Saved data entries
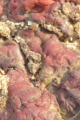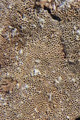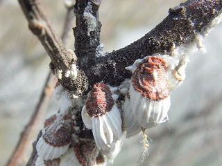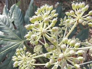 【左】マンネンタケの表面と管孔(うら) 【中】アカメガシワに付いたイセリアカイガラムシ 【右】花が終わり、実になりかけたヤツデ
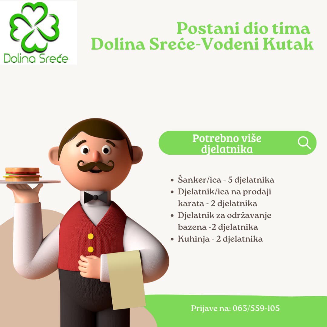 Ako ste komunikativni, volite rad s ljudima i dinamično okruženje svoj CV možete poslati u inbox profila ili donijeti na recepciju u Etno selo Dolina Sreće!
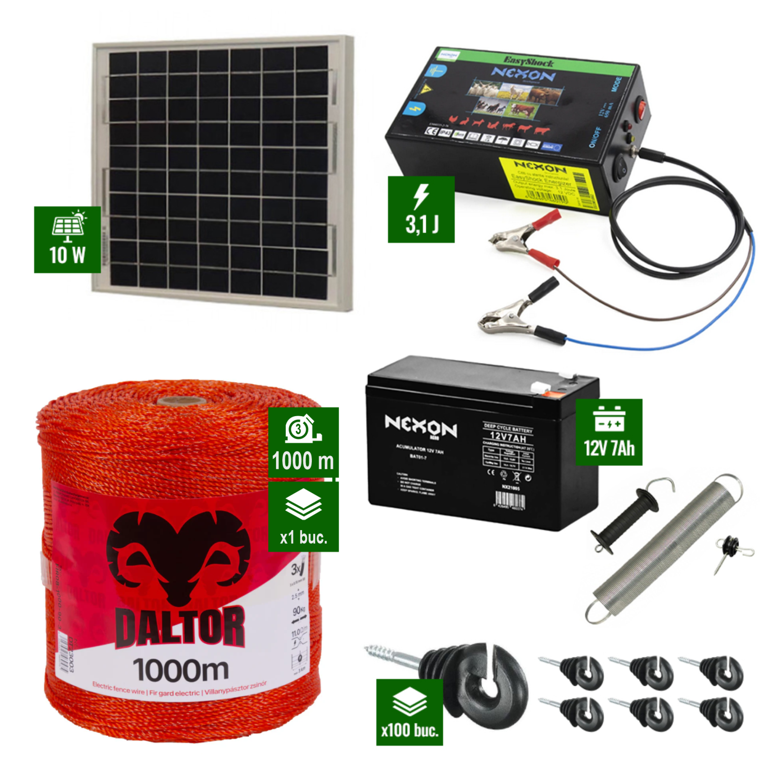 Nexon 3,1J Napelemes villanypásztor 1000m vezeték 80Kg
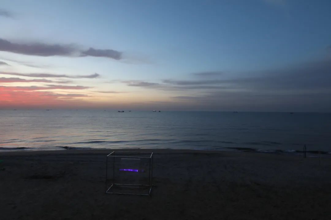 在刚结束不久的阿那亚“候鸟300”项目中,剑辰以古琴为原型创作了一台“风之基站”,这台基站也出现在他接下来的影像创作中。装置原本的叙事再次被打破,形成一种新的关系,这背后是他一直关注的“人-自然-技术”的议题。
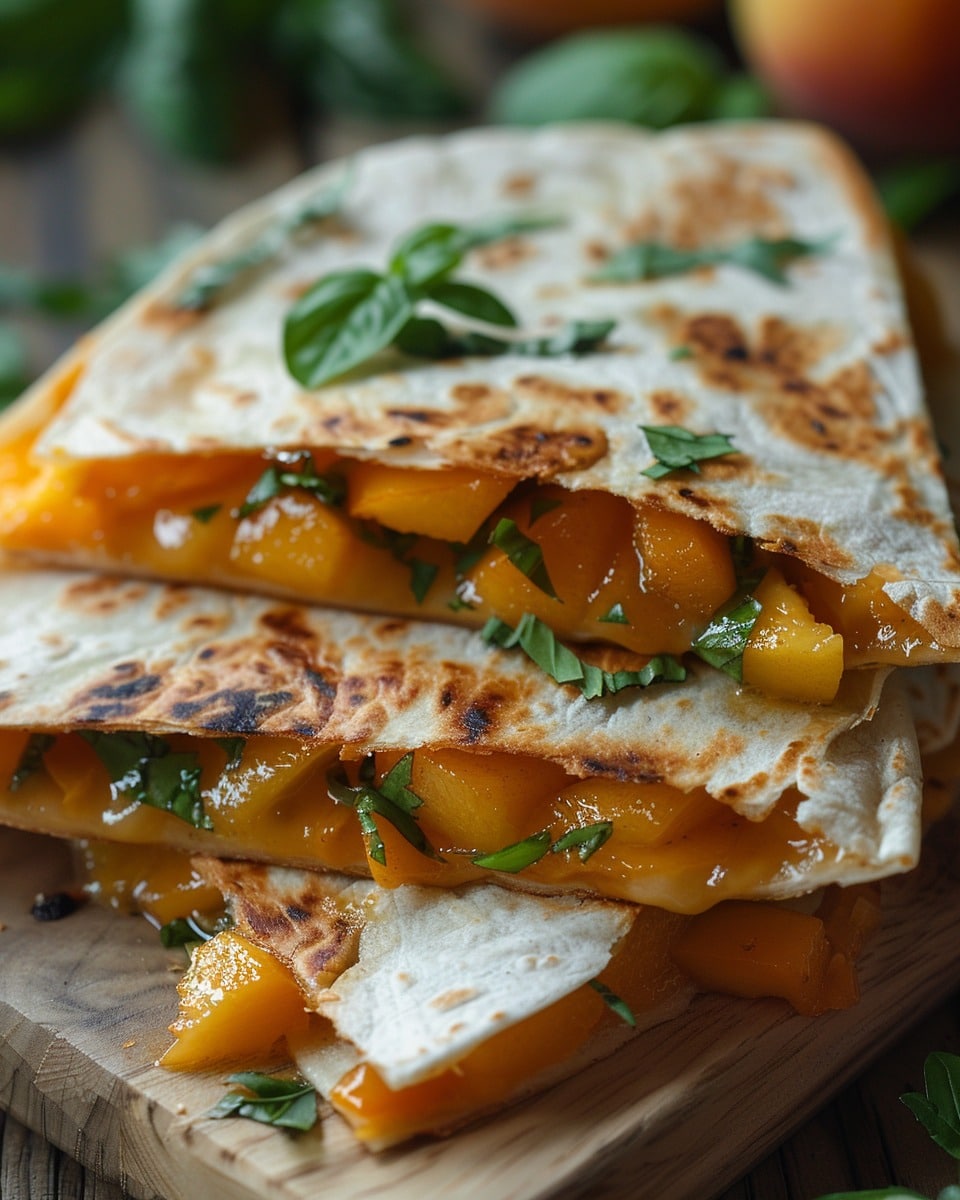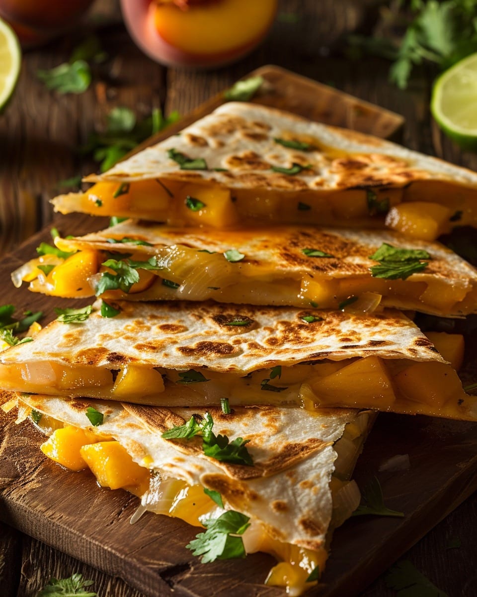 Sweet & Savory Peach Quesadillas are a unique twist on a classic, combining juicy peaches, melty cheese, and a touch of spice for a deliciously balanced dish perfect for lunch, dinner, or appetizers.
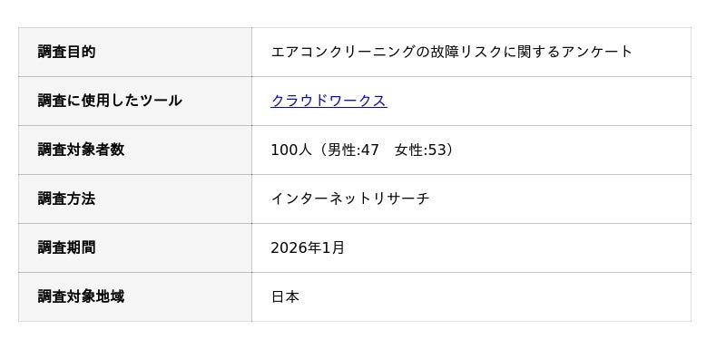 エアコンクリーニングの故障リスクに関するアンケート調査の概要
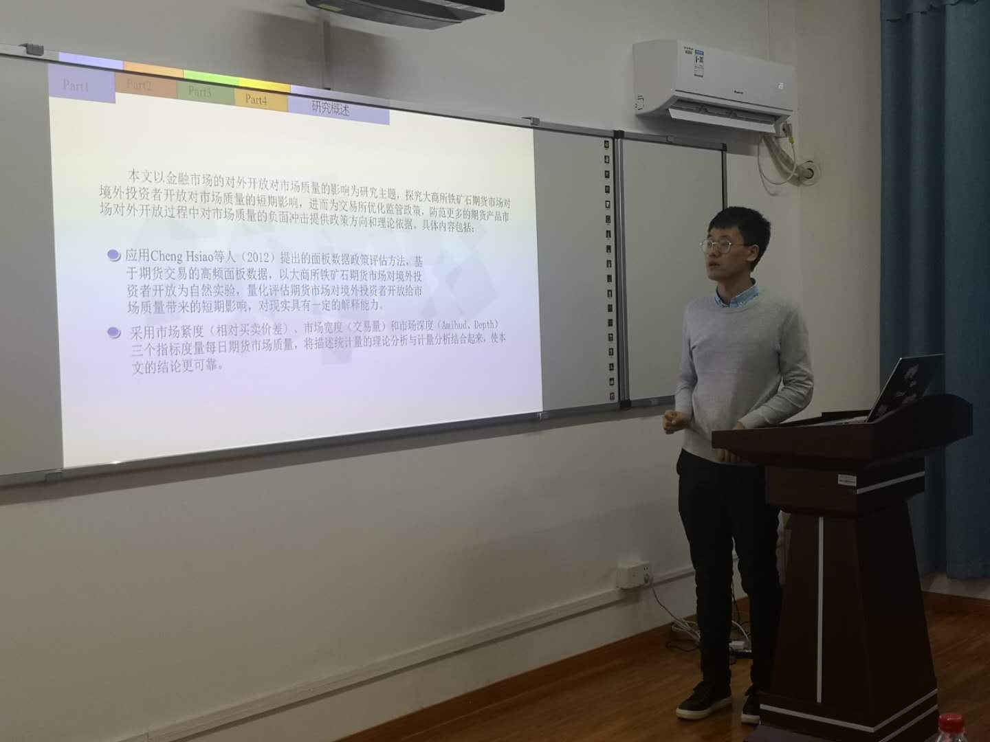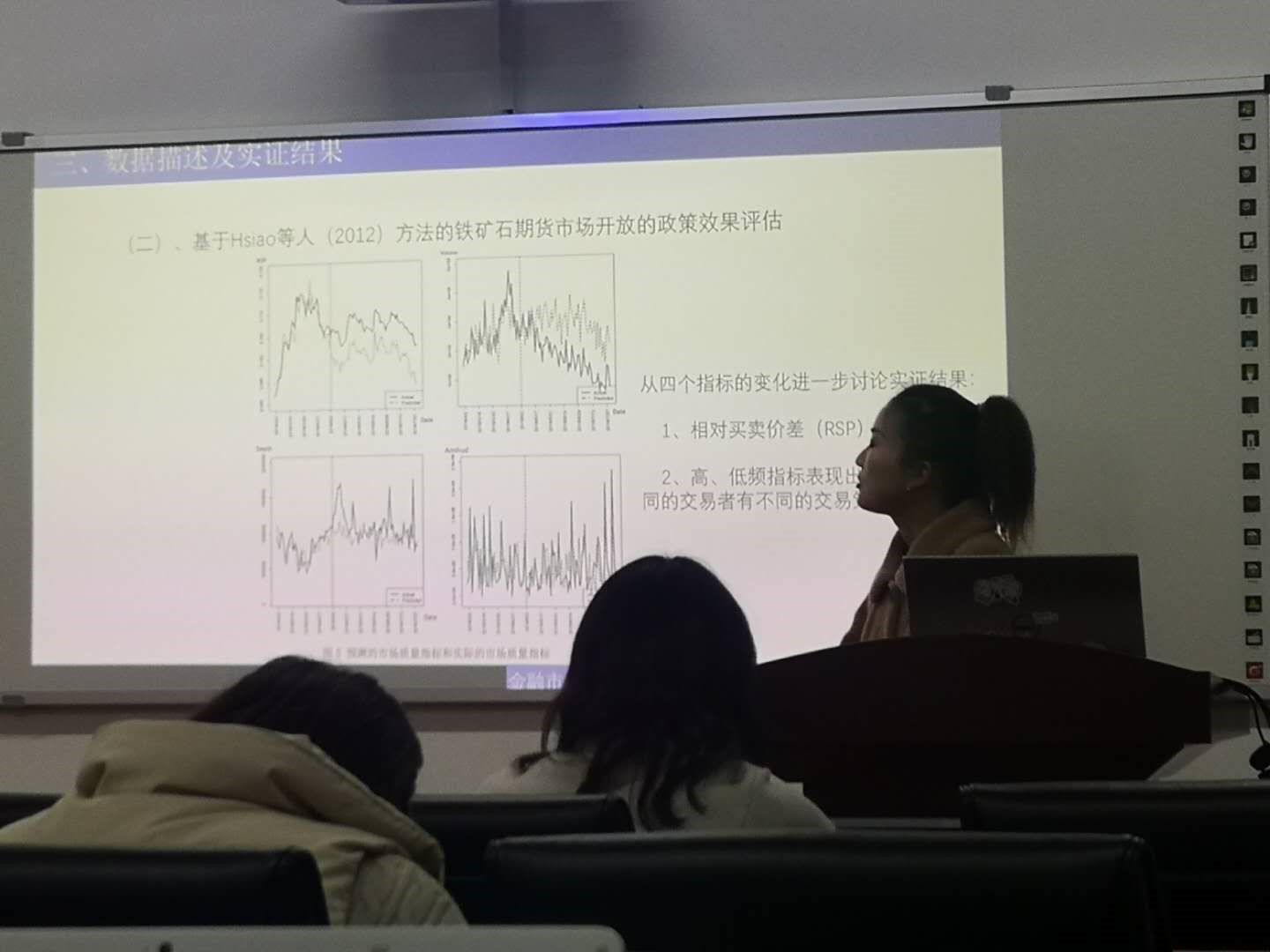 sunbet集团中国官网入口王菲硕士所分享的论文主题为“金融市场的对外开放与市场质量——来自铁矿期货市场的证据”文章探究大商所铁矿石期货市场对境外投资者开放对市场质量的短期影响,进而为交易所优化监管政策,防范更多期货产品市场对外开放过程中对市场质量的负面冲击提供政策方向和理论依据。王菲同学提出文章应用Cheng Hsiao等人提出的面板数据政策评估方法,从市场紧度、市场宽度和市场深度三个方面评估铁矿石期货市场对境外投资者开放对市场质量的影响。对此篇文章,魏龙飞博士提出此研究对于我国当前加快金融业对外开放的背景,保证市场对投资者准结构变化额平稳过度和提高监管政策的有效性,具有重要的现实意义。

---

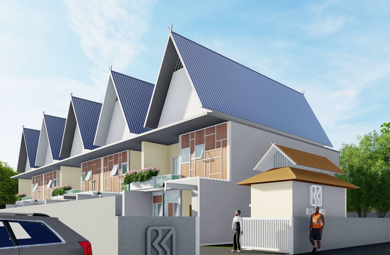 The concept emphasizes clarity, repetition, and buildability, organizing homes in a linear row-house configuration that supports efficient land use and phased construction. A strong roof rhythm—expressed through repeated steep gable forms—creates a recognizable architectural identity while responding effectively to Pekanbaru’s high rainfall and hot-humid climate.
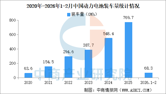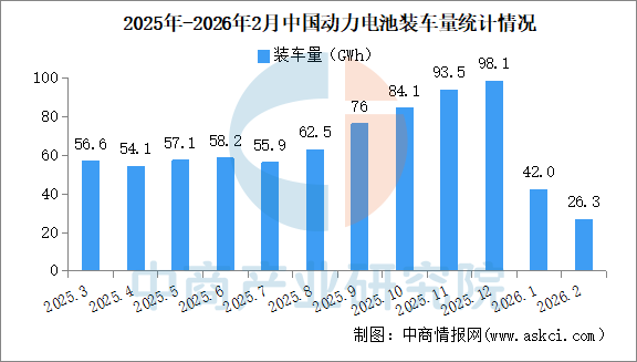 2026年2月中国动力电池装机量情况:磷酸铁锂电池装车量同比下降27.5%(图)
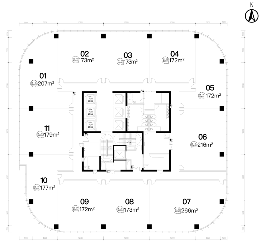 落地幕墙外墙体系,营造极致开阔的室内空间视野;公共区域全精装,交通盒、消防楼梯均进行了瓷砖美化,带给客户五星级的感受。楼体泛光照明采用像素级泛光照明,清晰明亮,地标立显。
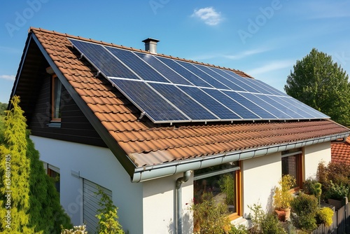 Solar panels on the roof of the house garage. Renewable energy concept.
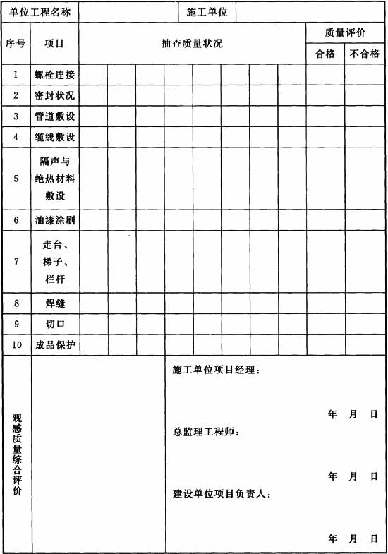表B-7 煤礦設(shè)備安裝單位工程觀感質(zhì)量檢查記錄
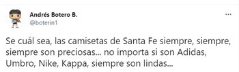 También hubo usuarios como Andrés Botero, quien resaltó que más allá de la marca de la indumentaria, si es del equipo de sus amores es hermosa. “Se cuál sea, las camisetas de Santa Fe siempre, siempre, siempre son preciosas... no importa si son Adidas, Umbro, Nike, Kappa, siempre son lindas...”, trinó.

• WHAT YOU ARE ASKED TO DO
Give again, exactly as written above, each line from the one that has "Ako ste komunikativni, volite" to the one that has "sunbet集团中国官网入口", both included; omit the pictures.

• WRITTEN REPLY
 Ako ste komunikativni, volite rad s ljudima i dinamično okruženje svoj CV možete poslati u inbox profila ili donijeti na recepciju u Etno selo Dolina Sreće!
 Nexon 3,1J Napelemes villanypásztor 1000m vezeték 80Kg
 在刚结束不久的阿那亚“候鸟300”项目中,剑辰以古琴为原型创作了一台“风之基站”,这台基站也出现在他接下来的影像创作中。装置原本的叙事再次被打破,形成一种新的关系,这背后是他一直关注的“人-自然-技术”的议题。
 Sweet & Savory Peach Quesadillas are a unique twist on a classic, combining juicy peaches, melty cheese, and a touch of spice for a deliciously balanced dish perfect for lunch, dinner, or appetizers.
 エアコンクリーニングの故障リスクに関するアンケート調査の概要
 sunbet集团中国官网入口王菲硕士所分享的论文主题为“金融市场的对外开放与市场质量——来自铁矿期货市场的证据”文章探究大商所铁矿石期货市场对境外投资者开放对市场质量的短期影响,进而为交易所优化监管政策,防范更多期货产品市场对外开放过程中对市场质量的负面冲击提供政策方向和理论依据。王菲同学提出文章应用Cheng Hsiao等人提出的面板数据政策评估方法,从市场紧度、市场宽度和市场深度三个方面评估铁矿石期货市场对境外投资者开放对市场质量的影响。对此篇文章,魏龙飞博士提出此研究对于我国当前加快金融业对外开放的背景,保证市场对投资者准结构变化额平稳过度和提高监管政策的有效性,具有重要的现实意义。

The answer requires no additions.